Cam doesn't know how he wants to approach his provocative persona. Proclaiming his place within the pantheon of Black QB greats like Randall Cunningham and admitting that race is a driving factor among his haters, to stating that color doesn't matter in professional football is quite a roller coaster.
Then, following his dejected post game interview after the Carolina Panthers lost to the Denver Broncos, he really caught fire from middle America. Spoiled, entitled, immature and lacking leadership were some of the least offending terms used to describe him. Many of those unmentioned insults were obviously and purposefully meant to be racist.
On Monday, GQ published an article titled Cam Newton on Everything, From Those Versace Pants to Race in America in which the versatile signal caller breaks even more hearts with the following statement when asked of his detractors;
“It’s not racism. Everybody’s entitled to their own opinion...I’ll let you be the judge. I don’t look at it like that. I look at it like some people have certain beliefs, and I have my own belief, and we can agree to disagree on certain things. But this is what makes sports so amazing, that we can start a discussion around a table, in the newspaper, in the magazines, that will get people’s attention. And that’s what sports does.”“I don’t want this to be about race, because it’s not. It’s not. Like, we’re beyond that as a nation.”
(Photo Credit: GQ)
As expected, similar to when he backtracked on prior comments on race back in February, Newton was raked across the coals of social media public opinion. Indeed, it would be nice to have a physically gifted would be football Golden Boy to pick up the banner of Black nationalism, wrap himself in all its splendor, and parade around with a red, black and green emblem upon his chest as proudly as the telltale Superman "S" he is so fond of, but that would be my worldview and apparently not his.

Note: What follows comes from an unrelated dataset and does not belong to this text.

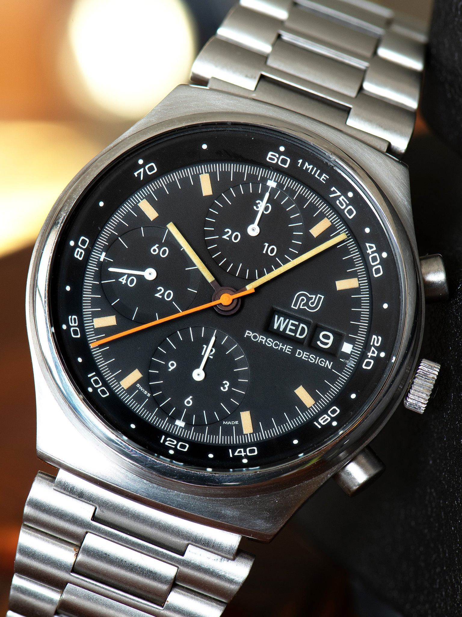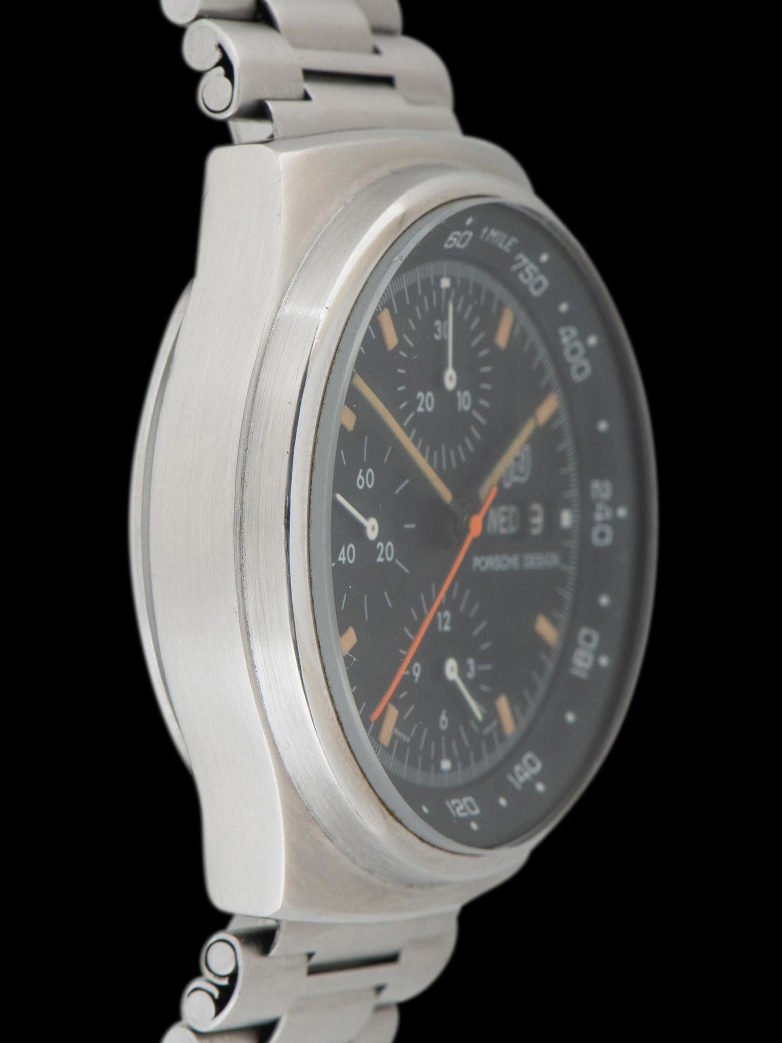 And what a beautiful example this is, featuring a 40mm case with a screw-down case back, mineral crystal, Internal tachymeter bezel, and black dial with tritium luminous indexes. It's especially rare to find one like this, with its original bracelet, the case fully intact and unpolished (with the exception of the very top of the bezel, which was lightly polished), and featuring its original finish. This is a clean example with dial and hand lume that have aged to a vintage-perfect dark pumpkin coloration—and an especially perfect way to get into Porsche Design for anyone who likes stainless steel finishes over PVD black ones.

No one likes a puppet, yet when individuals speak against what values we hold dear we suddenly consign him among the ranks of madmen?
Besides, I hardly believe Newton really believes the words that are coming out of his mouth. How could he when everything that has happened over the past three years screams to the contrary of his claim that America is beyond race? I think he is a people-pleaser who is painfully aware that simply embracing his own heritage could interfere with his "dream" life of excess and color pants.
He is a walking endorsement waiting to happen, and a man with a charitable heart. But he is no cultural icon, no driver of public opinion and not a defender of Black virtue. He's just a football player. Apparently, that's all he wants to be.
I'm not mad at him. Heck, I'm not even a little disappointed. What kind of leader of Black struggle would he be if he constantly bowed to public pressure and swerved to avoid controversy in the manner he has as a football player?
Activism ain't for everybody. As much we may wish for him to be otherwise, he's Cam Newton the football player and not Rev. Minister Cam Newton X. And it's all right, y'all. It's all right.